Subjects  Since insulin sensitivity and glucose tolerance vary with age, we explored two independent groups of age-matched subjects. Group 1 (Table 2) comprised ten lean subjects (with no family history of either obesity or type-2 diabetes), nine non-diabetic obese subjects (with no familial history of type-2 diabetes and characterized for glucose tolerance by a classical 75 g 2-h oral glucose tolerance test) and nine type-1 diabetic patients (with no familial antecedent of type-2 diabetes, duration of diabetes being 16 ± 3 years, HbAlc = 9.2% ± 0.3, C peptide < 0.05 ng/ml) with the same age range (22–44) (Table 2). The type-1 diabetic subjects were treated with multiple daily injections of insulin (45 ± 5 IU/day). The last dose of insulin was administered the day before the study. On the morning of the experiment, type-1 diabetic patients showed marked hyperglycemia (12.6 ± 0.8 mM).

In all subjects, fasting blood samples were obtained for biochemical and hormonal evaluation. All subjects involved in the different investigation groups gave written consent after being informed of the nature, purpose and possible risks of the study. The experimental protocol was approved by the ethics committee of University of Montreal (Canada) and Hospices Civiles de Lyon (France).

Adipose tissue biopsy  The adipose tissue pieces were sampled, after an overnight fast, in the s.c. peri-umbilical by needle biopsy under local anesthesia (1% xylocaïne). In the clamp study, the s.c. adipose tissue samples were obtained 30 min before the clamp started and at the end (13). Insulin and sandostatin (when applicable) infusions were maintained at the same infusion rate during the post-clamp biopsy. Adipose tissue specimens were immediately frozen in liquid nitrogen and stored at 80 °C until analysis.

Analytical procedures  Plasma glucose concentrations were measured with a glucose-analyzer (Beckman Glucose analyzer, Mississauga, ON, Canada). Plasma insulin was measured in duplicate with a commercial RIA (Linco Research, St-Charles, MO, USA). In the three clamp conditions, all fasting and post-clamp values were an average of the three time point measurements taken over the period of 30 min. Fasting plasma cholesterol and triglycerides were analyzed on the COBAS INTEGRA 400 (Roche). Serum-free fatty acid values were measured using commercially available kits (WAKO Chemicals, Rich-mond, VA, USA).
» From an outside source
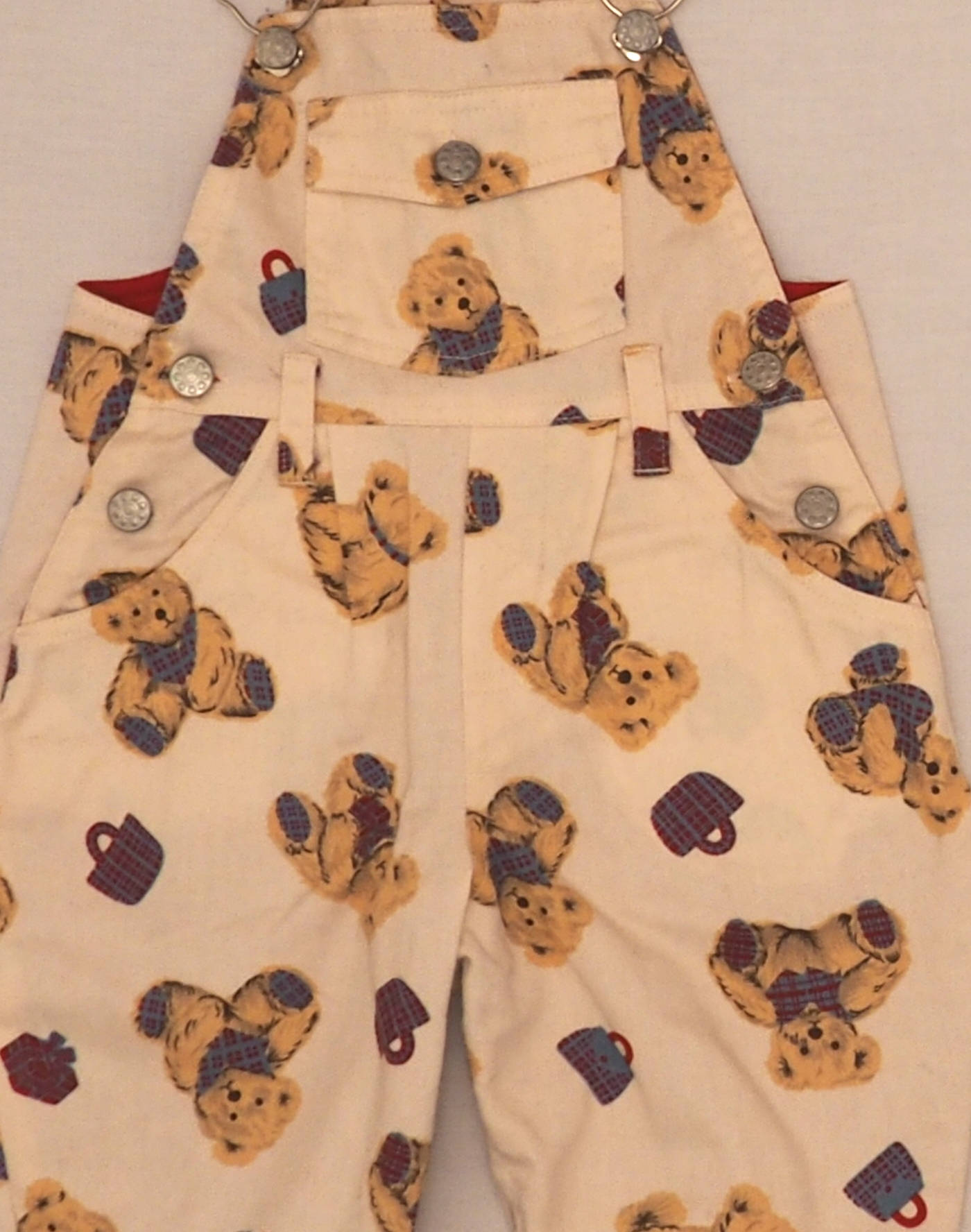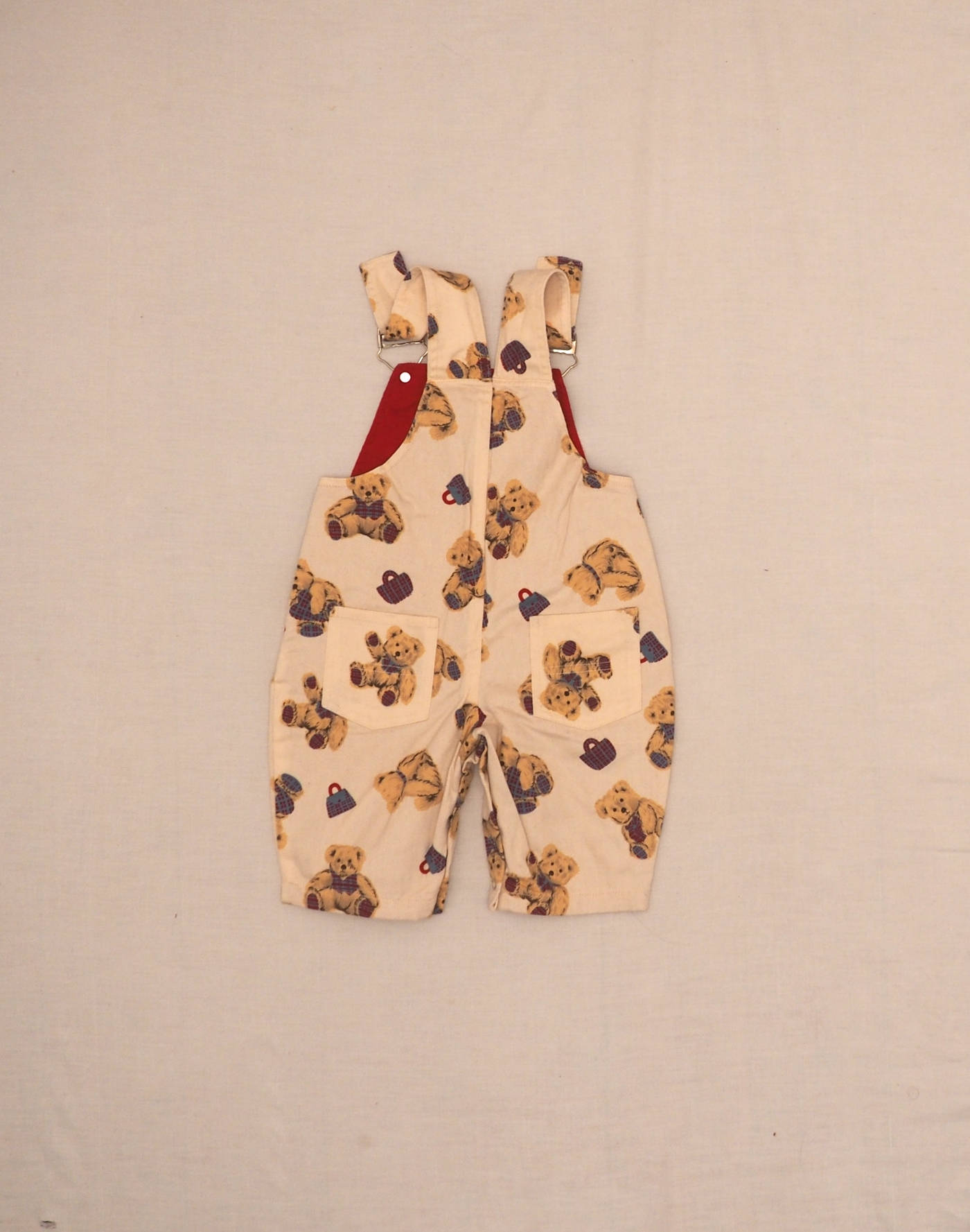 Adorable dungarees lined in beige cotton with bear print, one buttoned pocket on bust, two waist pockets, two patch pockets on back, adjustable straps fastened with two rivets on front, four rivets on waist to close. Eight press studs at crotch. Red cotton lining. Very good condition, 100% cotton.

Analysis of mRNA in adipose tissue biopsy  Total RNAwas extracted from adipose tissue biopsies using the RNeasy total RNA minikit (Qiagen). Adiponutrin mRNA contents were determined by reverse transcriptase-quantitative PCR (RT-qPCR) using a light cycler (Roche), as previously described (17). Results were expressed as the ratio of adiponutrin mRNA to hypoxanthine phosphoribosyltransferase (HPRT) mRNA, a housekeeping gene, used as an internal control. The primer sequences are for the adiponutrin sense 5'-GATGGAGGAGTGAGTGACAA-3' and the adiponutrin antisense 5'-CTGAATGCATCCAAATATCC-3', and for the hypoxanthine phosphoribosyl transferase (HPRT) sense 5'-TTGCTGACCTGCTGGATTAC-3' and HPRT antisenses 5'-AGTTGAGAGATCATCTCCAC-3'. The analysis was performed using the LightCycler software (Roche).

Insulin sensitivity calculation  Insulin sensitivity was evaluated using the quantitative insulin sensitivity check index (QUICKI) method, which correlated well with the hyperinsulinemic euglycemic clamp method. Calculations were performed using fasting glucose and insulin as described (18–20).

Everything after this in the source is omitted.